SMBs can halve the cost of their IT infrastructure by switching to a thin client model, according to research carried out by Lancaster University and Thinspace.

The TCO study reveals that any company with more than six employees can reduce maintenance costs by 71%, hardware and capex by 61% and energy by 51% when compared to traditional PCs.

The study, involving students at Lancaster University, compared five typical IT scenarios, based on a company with 25 employees, one server, their own PCs and third-party support. A pure thin client model came in at 45% of base TCO, followed by a thin client with ‘back-up server’ at 58%, leased PCs with third-party support at 96% and owned PCs with in house IT person, which came it at 195% of base TCO.

The switch to thin clients and cloud computing cuts costs primarily through reduced maintenance fees, reduced power consumption and the longer hardware lifecycle of a thin client, according to Liza Layzell, CEO at Thinspace. This should particularly appeal to SMBs, who have traditionally been slow at adopting desktop virtualisation, she added.

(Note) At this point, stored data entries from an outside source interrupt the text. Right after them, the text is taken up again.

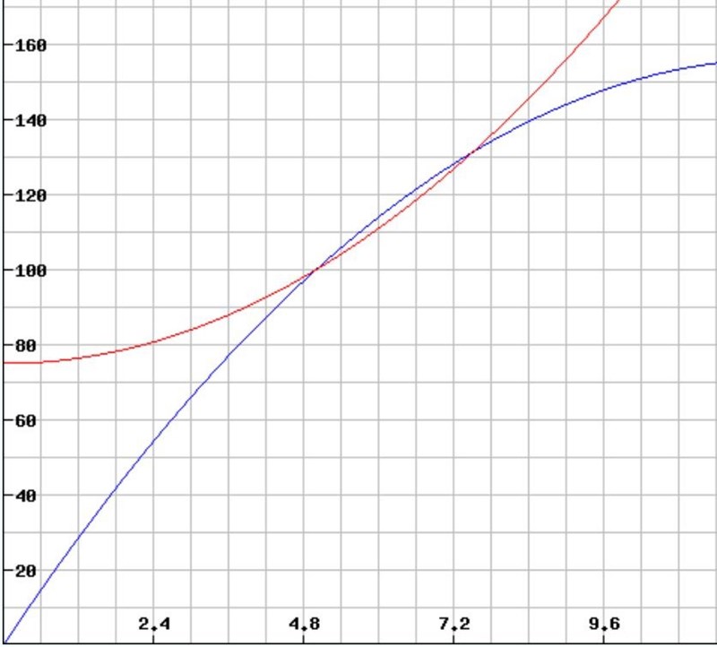 ungefär så här ser det ut med en retardation på 2 m/s2 andra värden på a gör att den blå kurvan ändrar form.
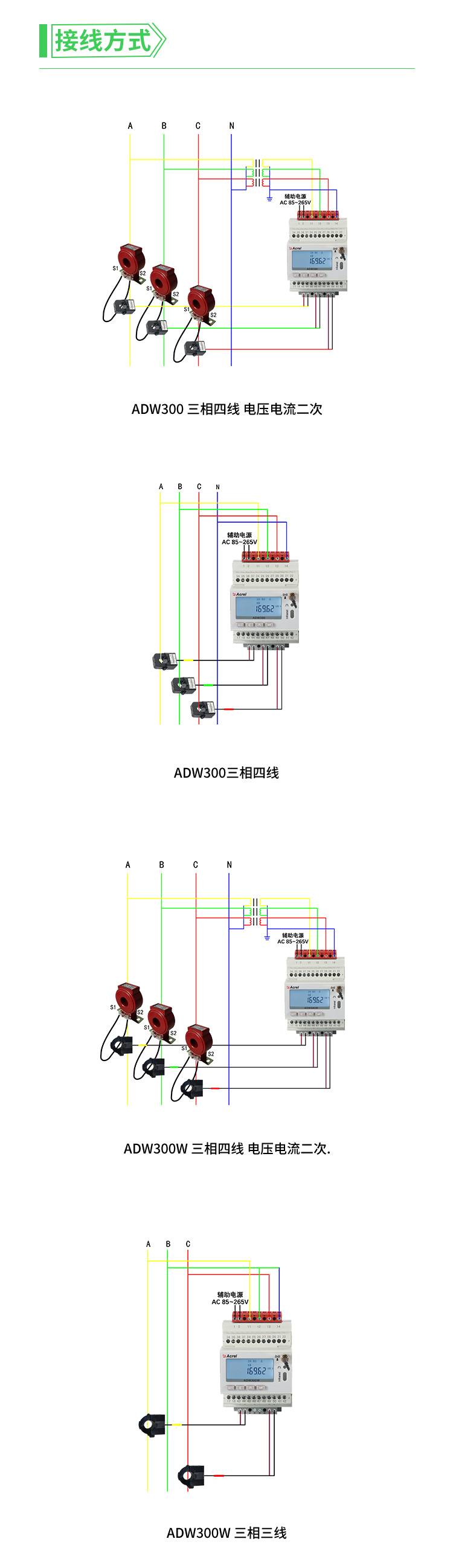 安科瑞ADW300W带开口互感器物联网电表适用二次互感改造项目
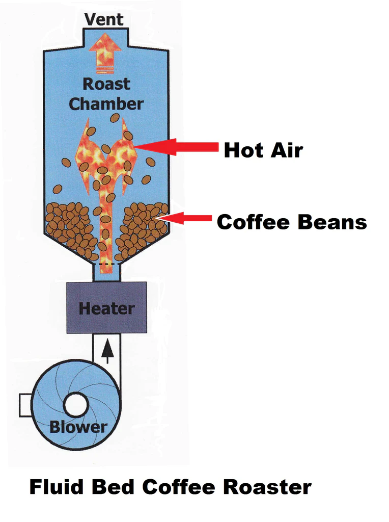 Fluid-bed sử dụng luồng không khí để thay đổi vị trí hạt cà phê — nâng chúng lên trong luồng không khí để chúng nổi và hoạt động giống như cà phê là một loại chất lỏng hơn. Hạt cà phê có thể di chuyển tự do trong luồng không khí và do đó rang đều mà không cần phải di chuyển trống quay.
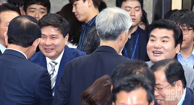 26일, 서울 여의도 국회서 열린 새누리당 당선자 워크숍에 앞서 원유철 새누리당 권한대행이 한 당선인과 악수를 나누고 있다.
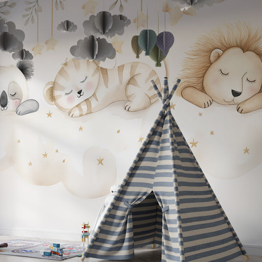 KidsWallПреустройте стаята на вашето дете с тапет за деца, изобразяващ сладки животни, които спят спокойно на облак. Панда, тигър и лъв с нежни черти и спо...
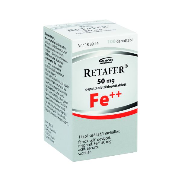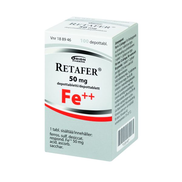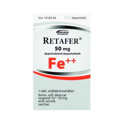Retafer-depottabletteja käytetään raudanpuuteanemian ehkäisyyn ja hoitoon. Tabletti sisältää myös raudan imeytymistä tehostavaa C-vitamiinia. Kaikki Retafer tuotteet sopivat myös vegaaneille. Suomessa valmistettu.
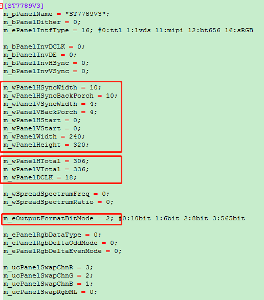 m_wPanelHTotal= m_wPanelHSyncWidth+m_wPanelHSyncBackPorch+m_wPanelWidth+HFP=10+10+240+46=306 m_wPanelVTotal=m_wPanelVSyncWidth+m_wPanelVBackPorch+m_wPanelHeight+VFP=4+4+320+8=336 m_wPanelDCLK= m_wPanelHTotal*3*m_wPanelVTotal*FPS=306*3*336*60=18MHz
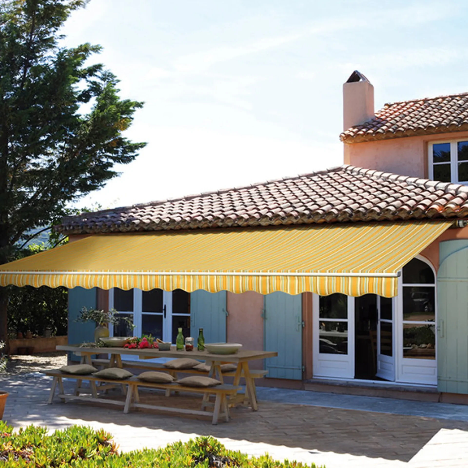 Store terrasse, parfait pour créer de l’ombre et protéger du soleil tout en profitant de l’extérieur.
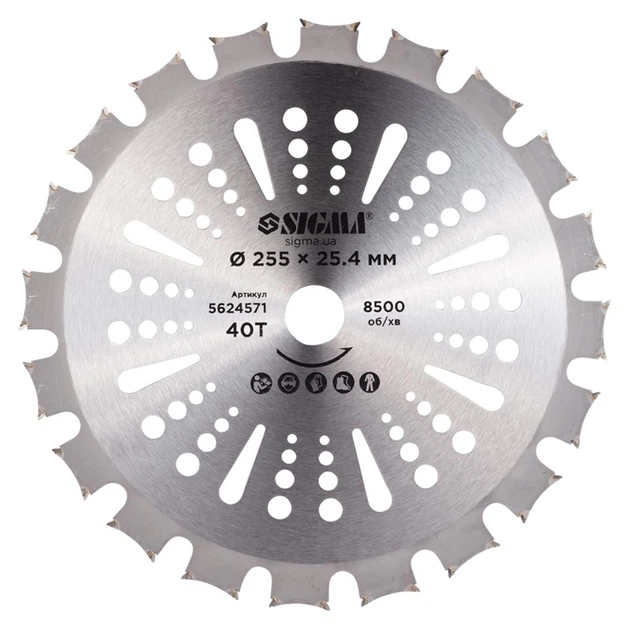 Ніж для тримера Sigma з твердосплавними напайками 255x25.4мм 40т двосторонній (5624571)
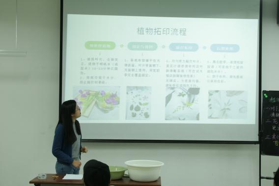 活动中,刘露老师向同学们介绍了植物拓印的历史渊源和基本原理,讲解了选叶、预处理、构图、敲打等关键步骤,并进行了精彩的示范。
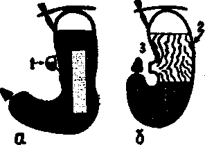 | Рис.70. Некоторые осложнения язвенной болезни желудка в прямой проекции: а) при пенетрации язвы желудка в соседний орган; б) деформация желудка при старой язве. 1. Пенетрирующая язва - глубокая "ниша", содержащая воздух и барий. 2. Неравномерное утолщение и извилистый ход складок – признаки гастрита, сопровождающего язвенную болезнь. 3. Улиткообразная деформация- луковица и антральный отдел подтянуты к телу желудка вследствие укорочения малой кривизны при рубцевании язвы. |
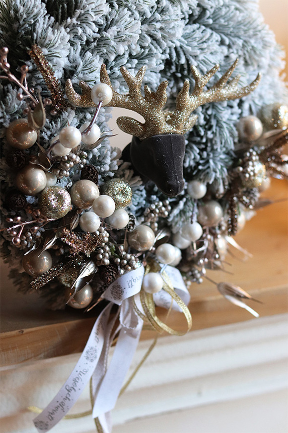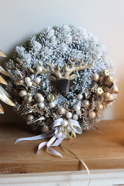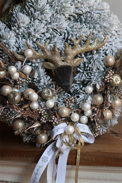 Świąteczny wianek z ośnieżonych, puszystych gałązek sztucznej jodły, urocza dekoracja na drzwi i do wnętrz. Wianek stylizowany w klimacie mroźnej zimy, dekorowany złotymi bombkami, jabłkami, kulkami i reniferem.
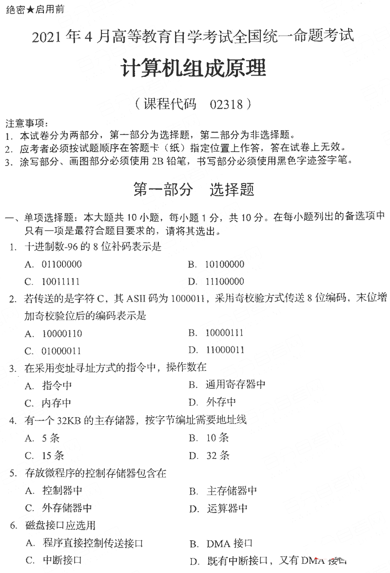 我们为考生提供2021年4月贵州自考02318计算机组成原理真题,下面是2021年4月贵州自考02318计算机组成原理真题内容,更多自考真题试卷请微信搜索"贵州自考网”微信公众号!
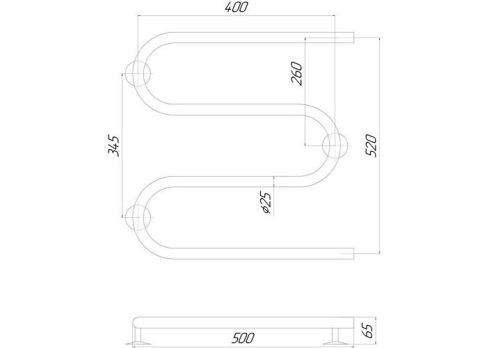 Сушарка рушників, комплект кріпильних деталей (дюбель-цвях - 4 шт.; втулка кріпильна - 4 шт.; гайка - 4 шт.; гвинт установний - 4 шт.; блюдце декоративне - 4 шт.; ключ шестигранний L2 - 1 шт.), вилка.
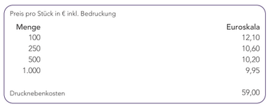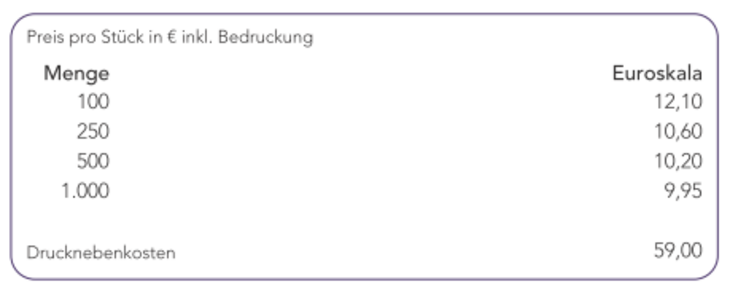 Preisliste Hashtag Schokolade mit Werbedruck Details
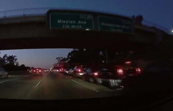 Jedan vozač u Kaliforniji snimio je lančani sudar u kome je učestvovalo pet automobila. Sa desne strane na snimku, vidi se crni automobil koji menja traku, ispred njega džip kreće da koči, a vozač crnog automobila ne reaguje na vreme, udara u džip, koji zatim udara auto ispred sebe, i još dva automobila.

“Our TCO model focused on small business because they often think they wouldn’t benefit because of needing additional servers and other infrastructure,” she told CBR. “You save on several fronts: maintenance and management are the main benefits and our products can last between seven and nine years, so you save on hardware costs as well.”

To help SMBs establish whether a desktop virtualisation project would be a cost effective venture, Thinspace has released a TCO Calculator. The web-based tool, produced using figures from the Lancaster University study, offers businesses the opportunity to work out any potential savings from switching from a traditional PC-based infrastructure to a thin client model.